(Task material)

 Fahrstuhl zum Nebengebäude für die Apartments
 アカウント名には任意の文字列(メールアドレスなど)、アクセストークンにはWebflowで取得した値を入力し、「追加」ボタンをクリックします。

(End Task material)
(Task material)

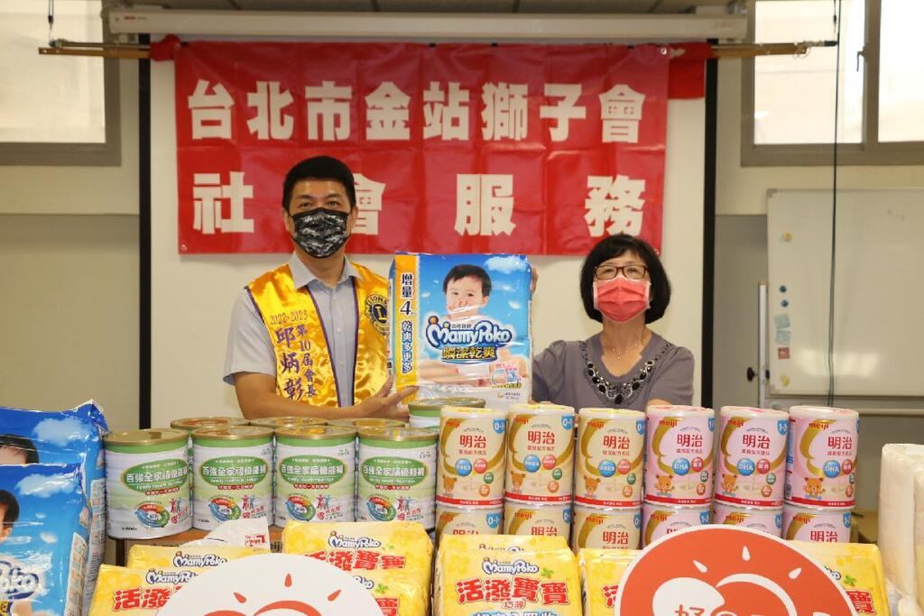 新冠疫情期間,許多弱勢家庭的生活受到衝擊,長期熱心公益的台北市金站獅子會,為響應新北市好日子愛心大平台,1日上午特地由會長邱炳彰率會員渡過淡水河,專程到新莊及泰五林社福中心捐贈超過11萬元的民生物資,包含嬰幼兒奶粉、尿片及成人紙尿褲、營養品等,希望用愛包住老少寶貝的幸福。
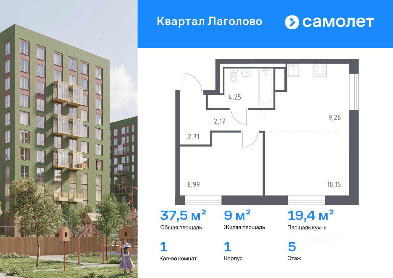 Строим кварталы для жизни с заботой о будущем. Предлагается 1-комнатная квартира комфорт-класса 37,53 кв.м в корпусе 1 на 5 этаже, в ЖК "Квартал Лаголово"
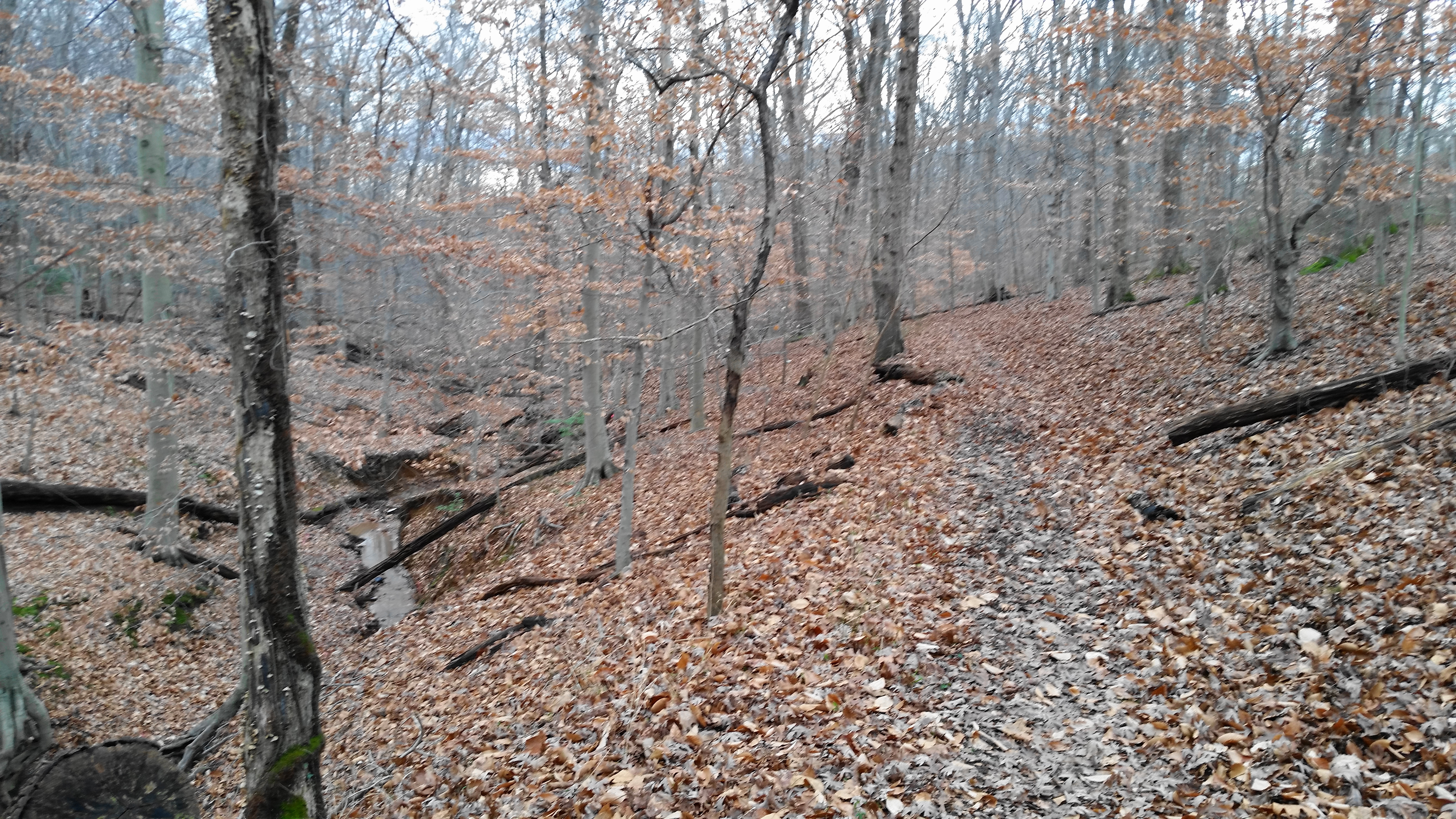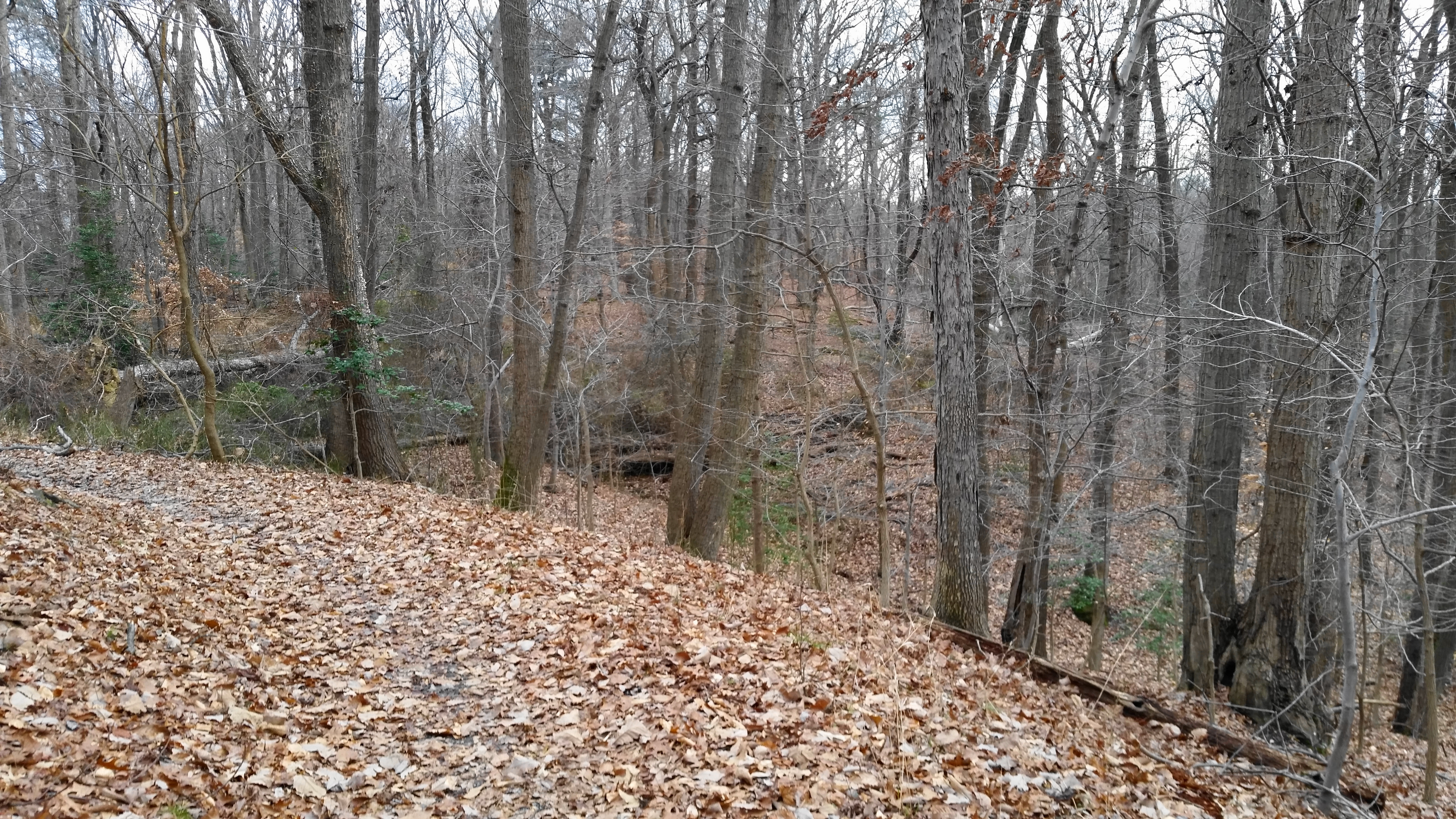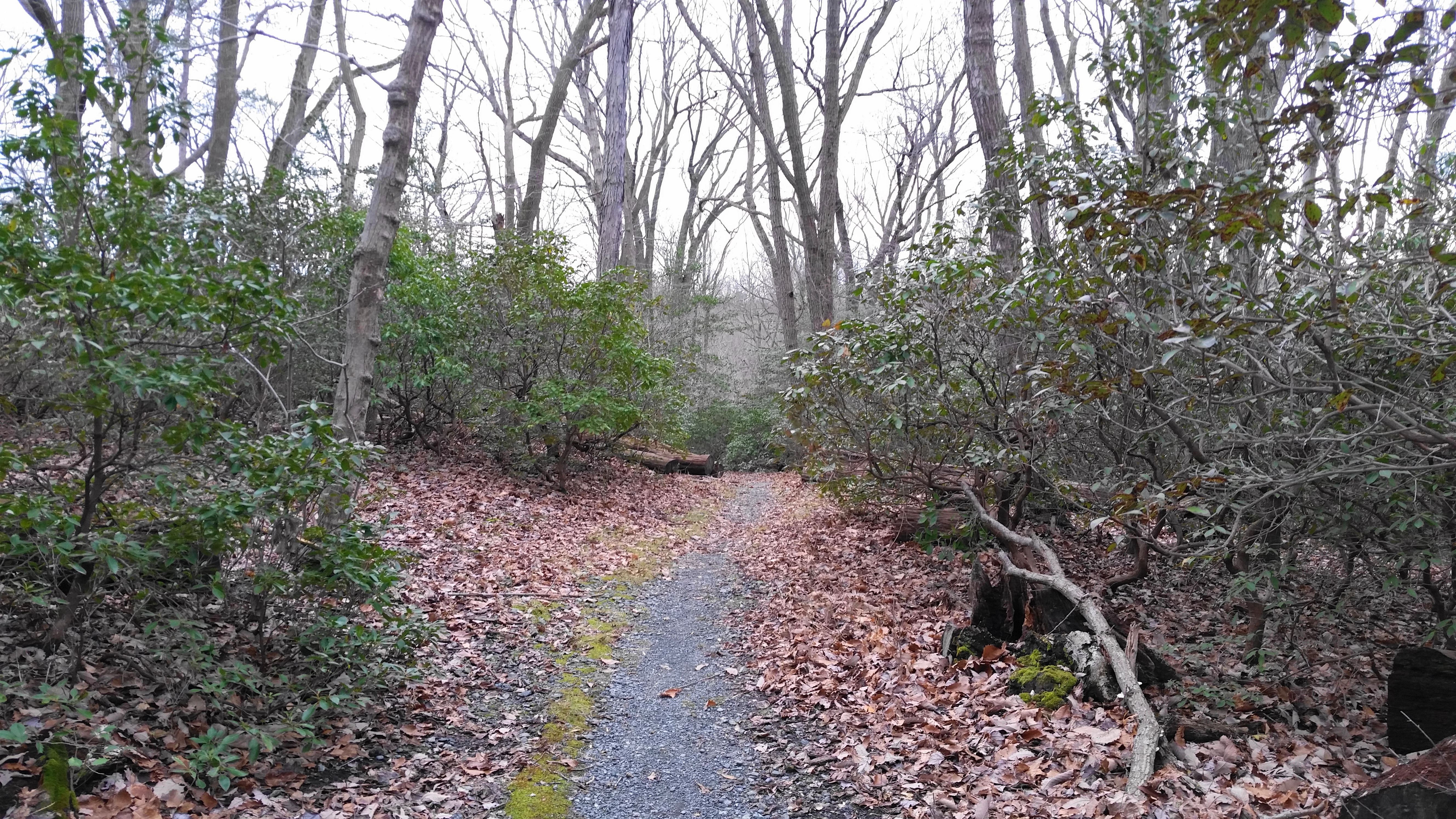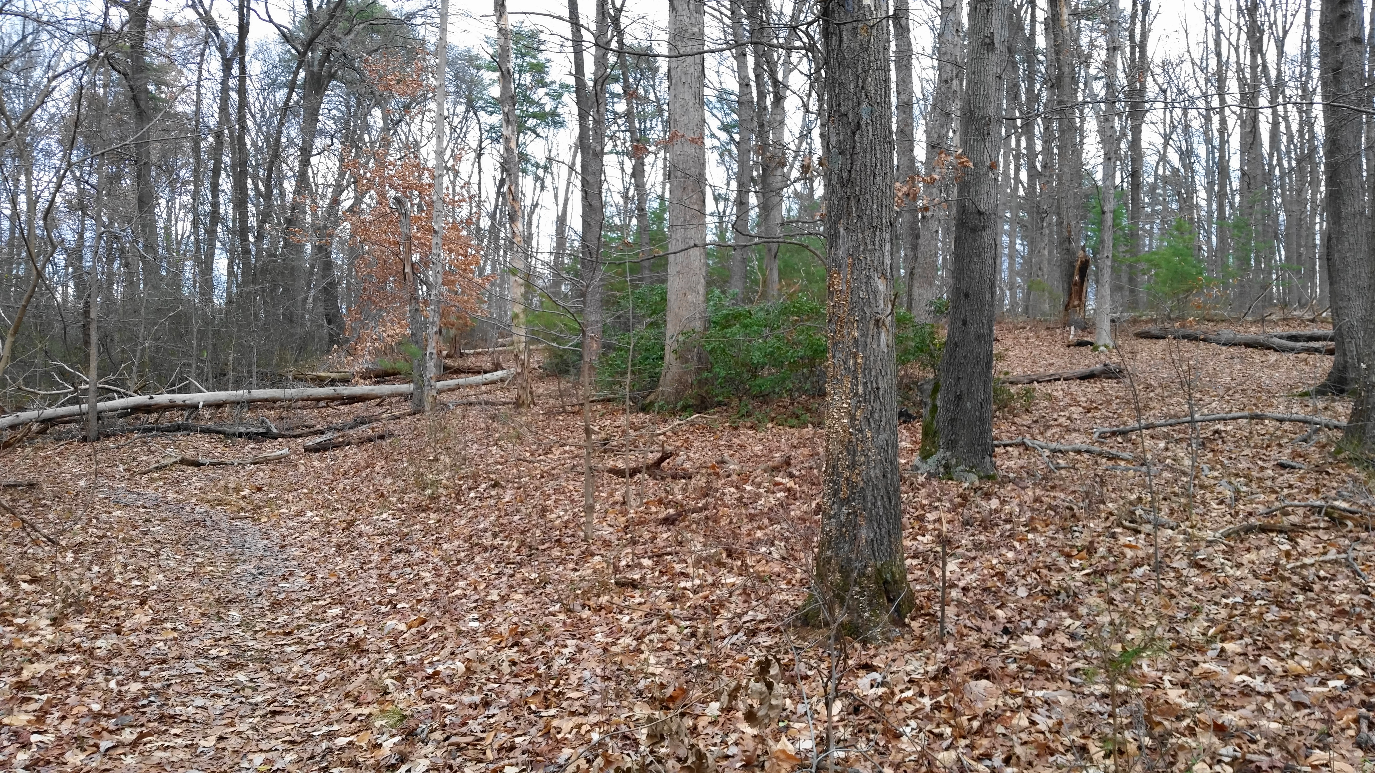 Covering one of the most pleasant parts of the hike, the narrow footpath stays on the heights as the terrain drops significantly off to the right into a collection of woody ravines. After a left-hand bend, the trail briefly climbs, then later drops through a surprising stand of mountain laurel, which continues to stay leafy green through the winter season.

(End Task material)

* The task: Using only the listing above, restate exactly the lines from the line containing "Fahrstuhl zum Nebengebäude" through the line containing "アカウント名には任意の文字列", both included.

* Worked solution:
 Fahrstuhl zum Nebengebäude für die Apartments
 アカウント名には任意の文字列(メールアドレスなど)、アクセストークンにはWebflowで取得した値を入力し、「追加」ボタンをクリックします。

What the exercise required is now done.